Content starts

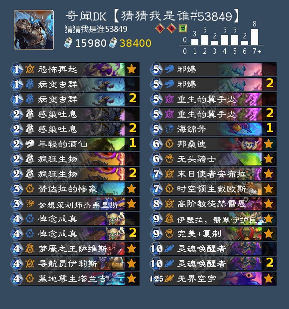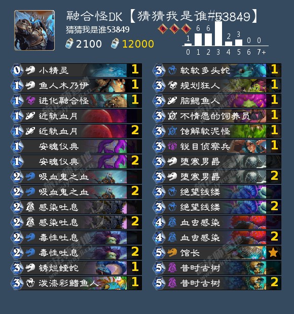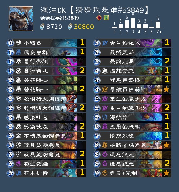 说明:这算是一套平平无奇的中后期卡组,唯一的亮点是把DK的任务和奇闻组合在了一起,等于有了两重高质量亡语。由于除了新版本初期之外,后来也没见人玩过DK奇闻,因此分享。
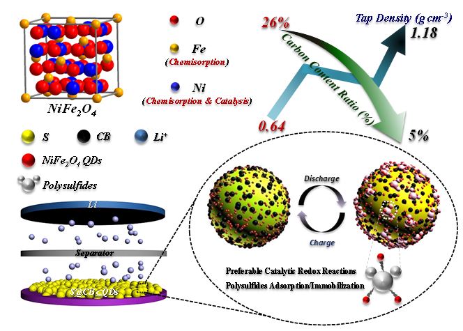 近日,太阳成集团tyc539蒋建课题组提出了一种正极引入多功能NiFe2O4量子点以最小化碳使用量的设计方案,文章第一作者为研究生二年级学生李宁,该工作成功发表在《Nano-Micro Letters》上,标题为“Curtailing Carbon Usage with Addition of Functionalized NiFe2O4 Quantum Dots: Toward More Practical S Cathodes for Li-S Cells”。该成果表明,引入的NiFe2O4量子点具有良好的导电性、高的振实密度 (~1.32 g cm-3)、低的比表面积 (~19.9 m2 g-1)且对多硫化物具有极好的化学吸附和催化作用。同时,选用NiFe2O4量子点作为碳添加剂替代品,使正极整体碳含量降低到5%水平,从而避免电解液的过度消耗,确保特定能量密度参数。为了验证NiFe2O4量子点的多功能化,我们特意在不加LiNO3电解液情况下评估了电池的电化学性能。代表性示意图如下所示:
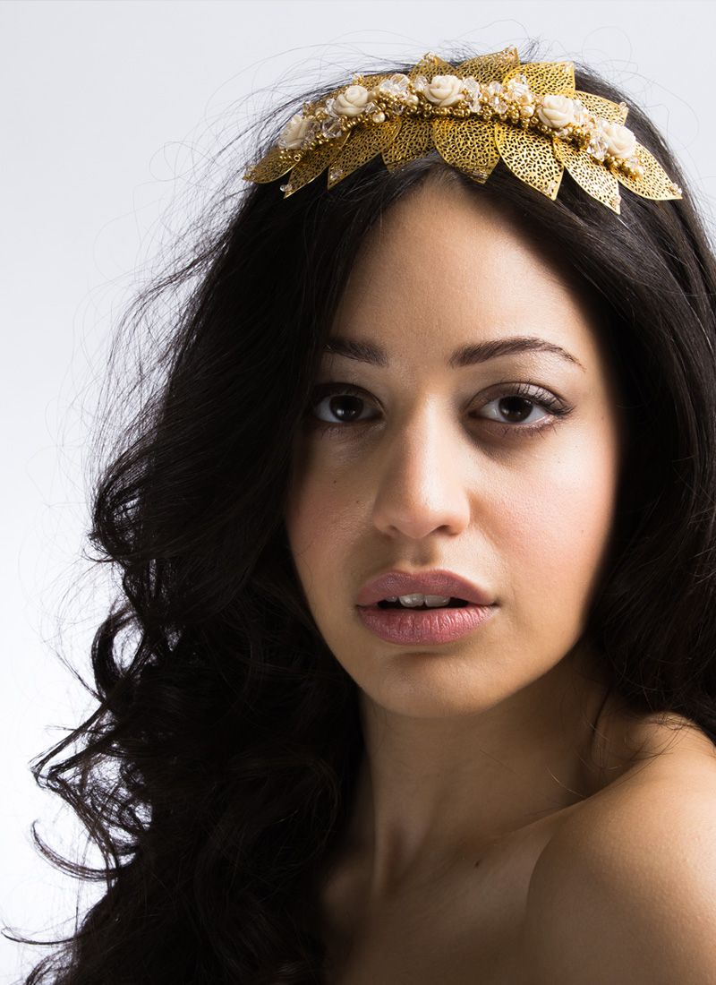 Gorgeous raised headband design with gold plated leaves, golden Swarovski crystals and acrylic flowers created on a bed of glass beads, crystals and freshwater pearls. Bohemian glamour with a soft feminine finish, co designed with You & Your Wedding Magazine. This headpiece can be worn slightly further forward or even near the back of the head around an up do to add a touch of sparkle.
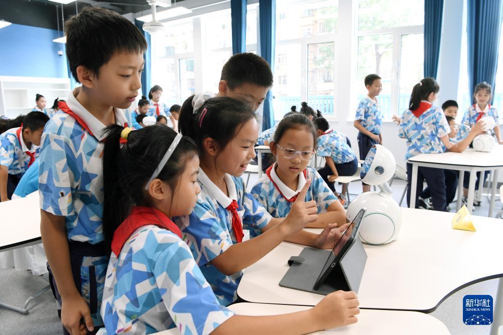 9月24日,老師為北京市第二十中學附屬育鷹小學學生教授人工智能教育通識課《瓷韻中的算法密碼》。 9月24日,“AI賦能強動力 國防教育育新人——數智時代國防教育創新實踐交流研討活動”在北京市第二十中學附屬育鷹小學舉行,本次活動旨在落實“人工智能+教育”與2025年“全民國防教育月”活動要求,通過人工智能和國防教育現場課等形式,展示人工智能技術在教育尤其是國防教育中的創新和應用。 新華社記者 馬寧 攝
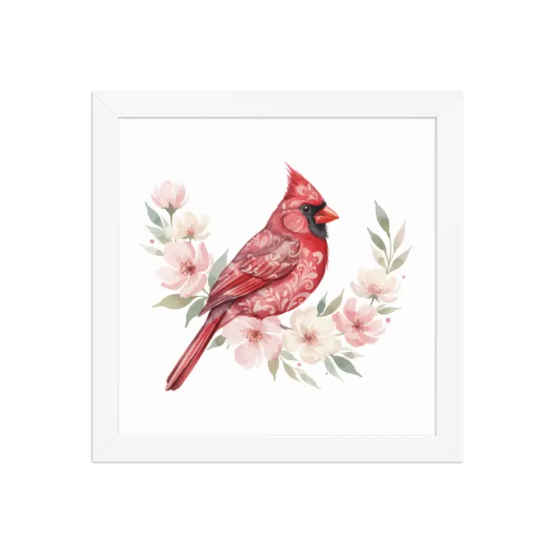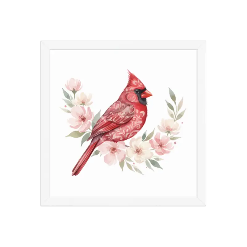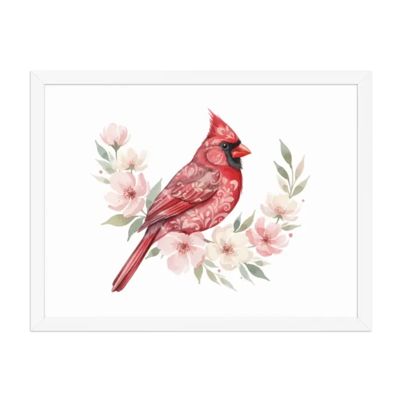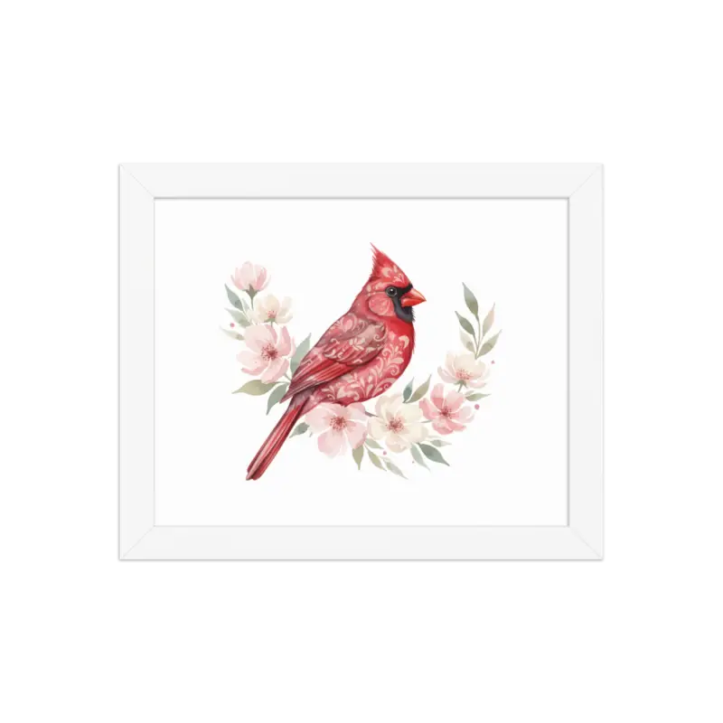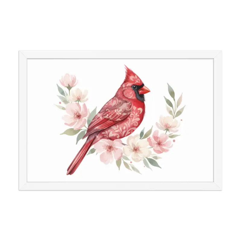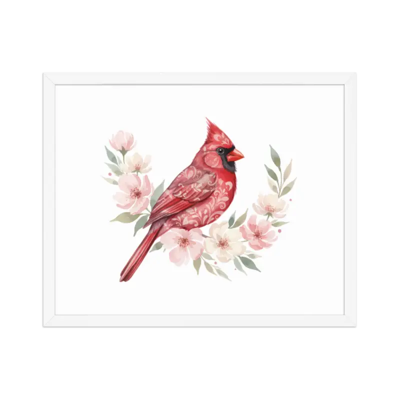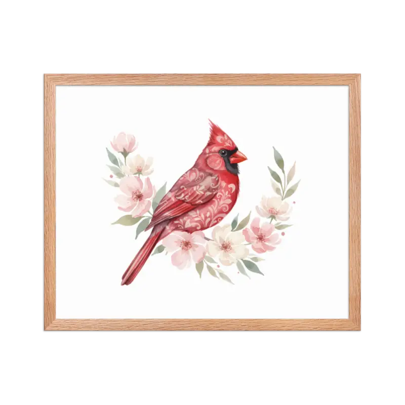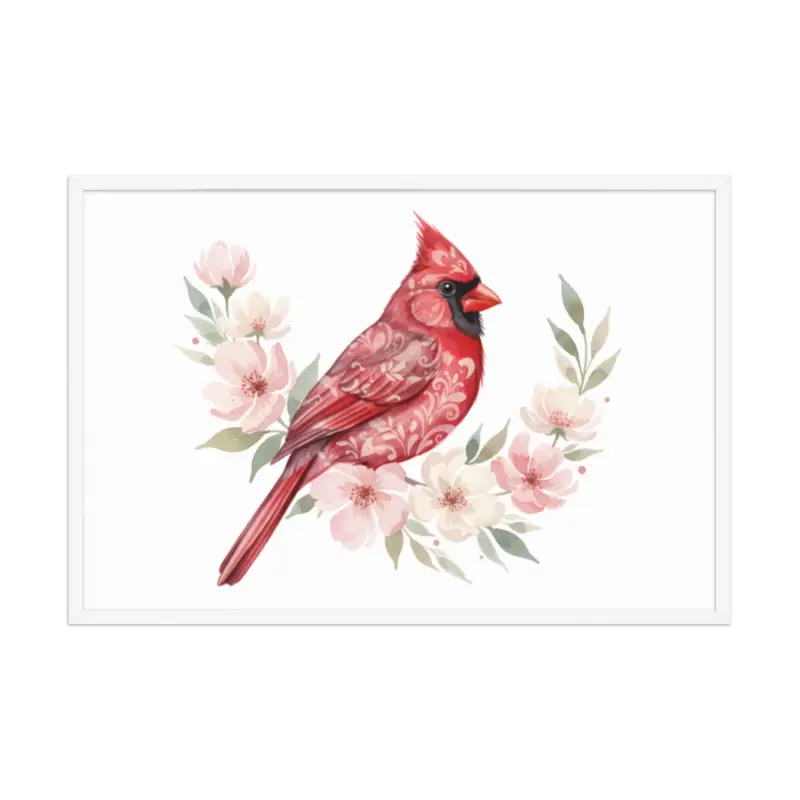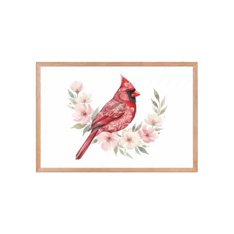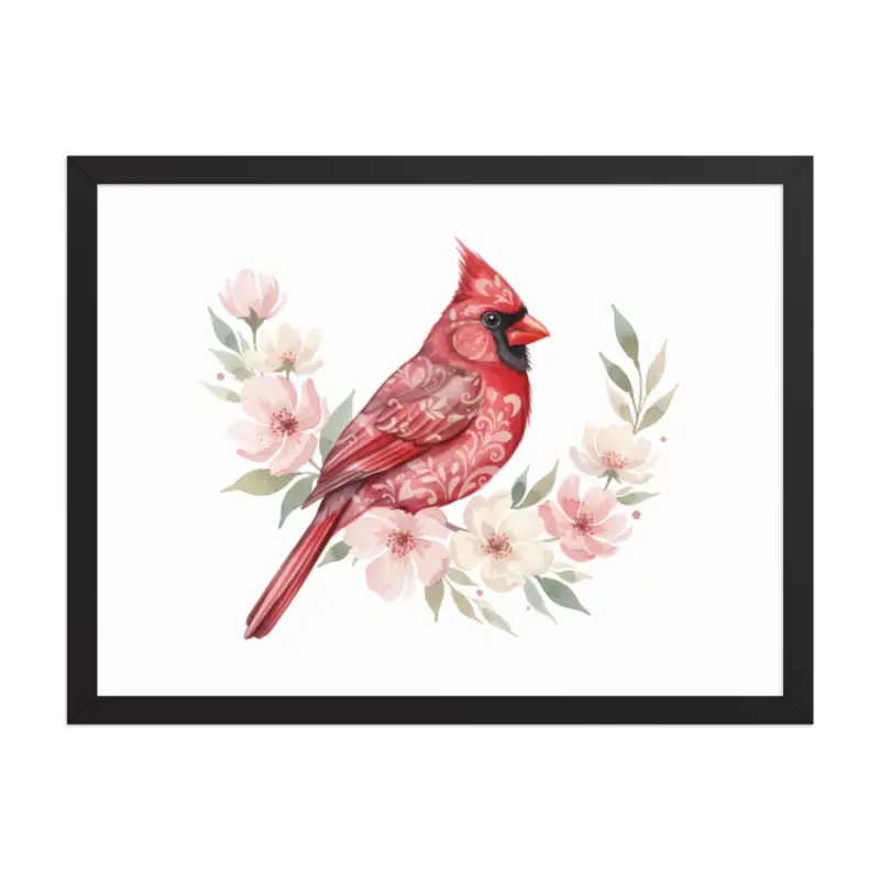 Feel the warmth of nature every time you glance at this stunning framed poster. The vivid red cardinal pops against its soft matte background, framed in sleek black wood from renewable forests that brings timeless charm to any space.
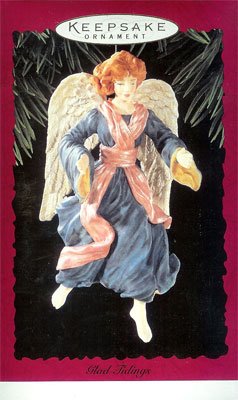 This Keepsake Ornament features an angel with a blue gown and red hair. The ornament was originally produced and released by Hallmark in 1996.

Content ends

→ WORK ITEM
The reply should repeat the listing above exactly and contain no pictures.

→ ANSWER BOX
 说明:这算是一套平平无奇的中后期卡组,唯一的亮点是把DK的任务和奇闻组合在了一起,等于有了两重高质量亡语。由于除了新版本初期之外,后来也没见人玩过DK奇闻,因此分享。
 近日,太阳成集团tyc539蒋建课题组提出了一种正极引入多功能NiFe2O4量子点以最小化碳使用量的设计方案,文章第一作者为研究生二年级学生李宁,该工作成功发表在《Nano-Micro Letters》上,标题为“Curtailing Carbon Usage with Addition of Functionalized NiFe2O4 Quantum Dots: Toward More Practical S Cathodes for Li-S Cells”。该成果表明,引入的NiFe2O4量子点具有良好的导电性、高的振实密度 (~1.32 g cm-3)、低的比表面积 (~19.9 m2 g-1)且对多硫化物具有极好的化学吸附和催化作用。同时,选用NiFe2O4量子点作为碳添加剂替代品,使正极整体碳含量降低到5%水平,从而避免电解液的过度消耗,确保特定能量密度参数。为了验证NiFe2O4量子点的多功能化,我们特意在不加LiNO3电解液情况下评估了电池的电化学性能。代表性示意图如下所示:
 Gorgeous raised headband design with gold plated leaves, golden Swarovski crystals and acrylic flowers created on a bed of glass beads, crystals and freshwater pearls. Bohemian glamour with a soft feminine finish, co designed with You & Your Wedding Magazine. This headpiece can be worn slightly further forward or even near the back of the head around an up do to add a touch of sparkle.
 9月24日,老師為北京市第二十中學附屬育鷹小學學生教授人工智能教育通識課《瓷韻中的算法密碼》。 9月24日,“AI賦能強動力 國防教育育新人——數智時代國防教育創新實踐交流研討活動”在北京市第二十中學附屬育鷹小學舉行,本次活動旨在落實“人工智能+教育”與2025年“全民國防教育月”活動要求,通過人工智能和國防教育現場課等形式,展示人工智能技術在教育尤其是國防教育中的創新和應用。 新華社記者 馬寧 攝
 Feel the warmth of nature every time you glance at this stunning framed poster. The vivid red cardinal pops against its soft matte background, framed in sleek black wood from renewable forests that brings timeless charm to any space.
 This Keepsake Ornament features an angel with a blue gown and red hair. The ornament was originally produced and released by Hallmark in 1996.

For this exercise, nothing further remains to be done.